I'm guessing Saussure might play a role here too, as a prestigious exemplar of "thoughts about language" who had been adopted as a forebear in mid-century and later French thought. If you see yourself as working "in the tradition of" (even if in opposition to) Saussure and Saussure was a philologist, you might as well claim that distinction for yourself, why not?
Julian Bradfield said,
April 20, 2014 @ 3:21 pm
Doesn't this "reader" have a name?
[(myl) I always ask correspondents for consent before publishing their names, and I haven't gotten a response yet in this case.
We don't require commenters to provide their true names, and I don't see any clear reason to treat this sort of thing differently.
Update — now that I have permission, I've de-anonymized the quotations.]
David Eddyshaw said,
April 20, 2014 @ 4:56 pm
Omri Ceren is da Man.
George Amis said,
April 20, 2014 @ 10:16 pm
For what it's worth, the OED comments:
"In classical Greek and Latin, the word [grammar] denoted the methodical study of literature (='philology' in its widest modern sense) including textual and aesthetic criticism, investigation of literary history and antiquities, explanation of allusions, etc, besides the study of Greek and Latin languages."
I very much doubt that Paul de Man would have recognized that definition of philology if it had came up and peed on his leg, but then I'm afraid I think de Man is best understood as a con man.
(When I was an undergraduate in the 1950's, and very much taken with what I suppose would now be called the old New Criticism, in a version which excluded from consideration pretty much everything but the text of the poem we were reading, one of my Greek teachers showed me an article or perhaps occasional piece by, I think, Gilbert Murray, written much earlier, called 'Confessio Grammatici', which adopted something very much like the OED's ancient definition of grammar=philology. I was properly abashed.)
William Flesch said,
April 20, 2014 @ 11:39 pm
I half agree with this. A lot of de Man's stylistic self-presentation came from a sort of T.S. Eliot pose of orthodoxy crossed with radicalism. So his claim to be doing philology might be BS for almost all values of philology. But sauce for the goose is sauce for the gander. He was a dynamite literary critic — he really was — and dismissing his literary critical work as a con because of his biography, instead of actually doing the work you'd need to do to understand his critical approach, is as indefensible as his own brandishing of a philological pedigree.

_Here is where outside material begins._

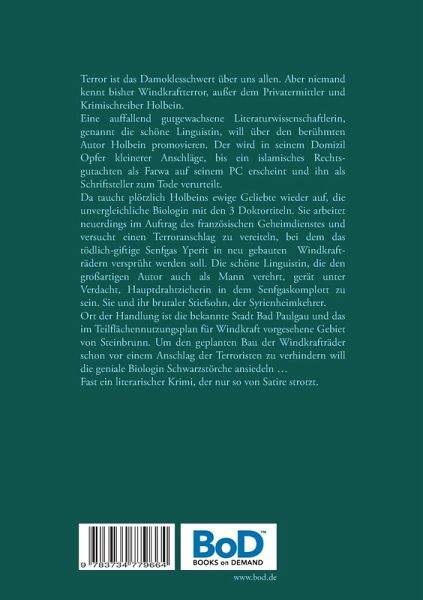 Terror ist das Damoklesschwert über uns allen. Aber niemand kennt bisher Windkraft-Terroristen. Außer dem Privatermittler und Krimischreiber Heiner Holbein. Eine auffallend gutgewachsene Literaturwissenschaftlerin, genannt die schöne Linguistin, will über den berühmten Autor Holbein promovieren. Der wird in seinem Domizil Opfer kleinerer Anschläge, bis ein islamisches Rechtsgutachten als Fatwa auf seinem PC erscheint und ihn als Schriftsteller zum Tode verurteilt. Da taucht plötzlich Holbeins ewige Geliebte wieder auf, die unvergleichliche Biologin mit den 3 Doktortiteln. Sie arbeitet neuerdings im Auftrag des französischen Geheimdienstes und versucht einen Terroranschlag zu vereiteln, bei dem das tödlich-giftige Senfgas Yperit in neu gebauten Windkrafträdern versprüht werden soll. Die schöne Linguistin, die den großartigen Autor auch als Mann verehrt, gerät unter Verdacht, Hauptdrahtzieherin in dem Senfgaskomplott zu sein. Sie und ihr brutaler Stiefsohn, der Syrienheimkehrer.Ortder Handlung ist die bekannte Stadt Bad Paulgau und das im Teilflächennutzungsplan für Windkraft vor-gesehene Gebiet von Steinbrunn. Um den geplanten Bau der Windkrafträder schon vor einem Anschlag der Terroristen zu verhindern will die geniale Biologin Schwarzstörche ansiedeln...Fast ein literarischer Krimi, der nur so von Satire strotzt.

It is true that, as a previous commenter said, de Man's invocation of philology was almost certainly looking to Nietzsche-as-philologist, and to Nietzsche's philosophical ideas about figurative language.
As for Lacanians claiming to do analytic philosophy — do they? Who? Where? (I'm skeptical that this is a serious thread in Lacanian theorizing, but not dogmatic, not having a dogma in that fight.) Lacan said some stupid things about topology, but that doesn't seem to me to be the same thing.
[(myl) Can you suggest one of his works that gives a sense of de Man's value as a literary critic? After reading three of his essays, I don't see the dynamite. I'd concluded that his appeal is like one of those jokes where "you had to be there", but I'm open to enlightenment.
As for the influence of Nietzsche, Omri Ceren sent me a page from an English translation of Nietzsche's lecture notes for a seminar on Rhetoric given in Basel in 1892-93, full of old-fashioned crunchy philological goodness:
I haven't seen anything of this sort in de Man's work, nor for that matter anything else that would cash in his claim that "in practice, the turn to theory occurred as a return to philology, to an examination of the structure of language prior to the meaning it produces".]
William Flesch said,
April 21, 2014 @ 9:25 am
Well, this is a little hard since de Man doesn't mean much to me any more as someone I'm interested in rereading, and in fact I was always critical of him (cf. my pieces in Responses and in Tainted Greatness, among other places), but: "Shelley Disfigured" in Deconstruction and Criticism is a great (and intentionally provocative) essay; "Autobiography as Defacement" is wonderful on Wordsworth; there's his classic older essay "The Rhetoric of Temporality," and for another older (and less deliberately provocative) piece of just good lit crit there's his intro to the Signet edition of Keats's poetry, which is really superb; the reading of Proust in Allegories of Reading is very helpful: there are more, but it's one of those things where the more immersed you are in a writer the more what de Man has to say about him (I can't think of places where he's written about women) really deepens your sense of that writer, or at least of the writers I've mentioned.
To put it another way, he has strongly affected my sense of Wordsworth, Shelley, Keats, and Proust; and to some extent affected my sense of Yeats, Kleist, Mallarmé, Rousseau, and Pascal, and I am pretty confident that the first five are writers I have really deep professional knowledge of (and passion for). I don't take a de Manian view of them, but my views were formed in part by learning, a lot, from de Man, and my love of them was certainly informed by his accounts of them.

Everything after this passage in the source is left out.